А она смеялась от счастья даже тогда, когда Георга почти не стало видно, и уже только в её мечтах он всё мчался за поездом. Это ли не счастье: знать, что тебя любит самый лучший человек на свете? Это ли не радость, когда исполняется самая главная надежда: увидеть любимое лицо перед тем, как шагнуть в другую, не нужную ей жизнь? Теперь она знала: в её жизни все будет хорошо, потому что ничего не будет иметь значения. Она не будет вспоминать потухшие глаза любимого, его отчаянного крика, растягивающуюся и, наконец, порвавшуюся нить его пути за удаляющимся поездом. Она не будет обращать внимание на боль, которая появилась уже сейчас, а название боли «никогда!». Всё это можно отдать за миг, когда в тающую надежду ворвался его голос: «Элиза!». Не бросил, приехал, успел. Приехал… Не бросил…
* * *
Роберт и Дженни всё же спешили. Понимали, что можно не гнать лошадей, это ничего не изменит, скорее всего, всё уже случилось или не случилось. Они не стали заезжать к Эдвину, двинулись мимо, в сторону города. Иногда бросали друг на друга взгляды, словно вопрошали: что мы делаем, зачем? Не находили ответа, поэтому не отвечали.
У Дженни разрывалась душа, ей казалось: если бы она была вместе с Георгом и Элизой, то смогла бы как-то помочь, настолько близки ей были ощущения влюбленных — отчаяние и надежда. Она поглядывала на Роберта, и тревога уступала место покою: рядом такой надежный человек, сопереживающий, ставший родным за последние несколько дней. Она не могла разобраться, как воспринимала его. Почему позволяла целовать себя? В его объятиях было спокойно. Когда обнимал Эдвин, было страшно, неуютно, хотелось оглядываться по сторонам: вдруг кто увидит… Артур… С ним вообще не понятно. Идеал, которого она достигла, не принёс ожидаемого удовлетворения. Всегда казалось: его поцелуи — это временно, торопливо, словно делали это потому, что так положено. Или она наговаривает? Нет, скорее всего, сравнивает. И сравнение не в пользу Эдвина и Артура. Вот, оказалось, бывает и по-другому, совсем иначе, и именно это подходит ей больше всего. Да, подходит… Элиза и Георг тоже подходят друг другу…

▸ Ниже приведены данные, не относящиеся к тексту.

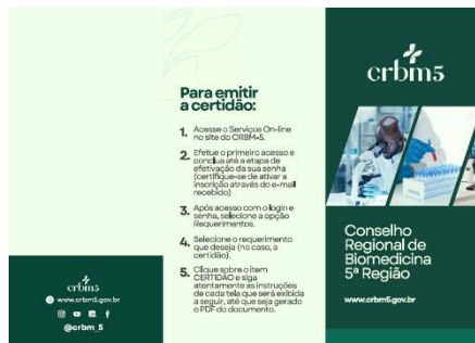
5.1 Frente 1

Зачем сталкиваются двое, которым нельзя быть вместе? Кто назначает такой путь друг к другу, скрещивает дорожки, которые потом непременно под действием закона расходятся в разные стороны? А когда не скрещиваются, идут параллельно, то и встреча может не состояться. Ждём, смутно понимаем, чего хочется, а обрести не получается. Вот и с Робертом так. Его судьба уже написана обществом, в котором родился. То, что они с ним соприкоснулись, не имеет никакого значения. Поэтому Дженни не строит планов, не позволяет себе ухватиться за мысль о Роберте, уверена: то, что между ними происходит — дань нежной дружбе. Это ненадолго. Роберт женится, а что такое иметь дело с женатым, Дженни знает. Так что её сегодняшняя прогулка с ним, скорее всего, лебединая песня. Такой и запомнится: покой, поддержка, похожие мысли в тревоге за других.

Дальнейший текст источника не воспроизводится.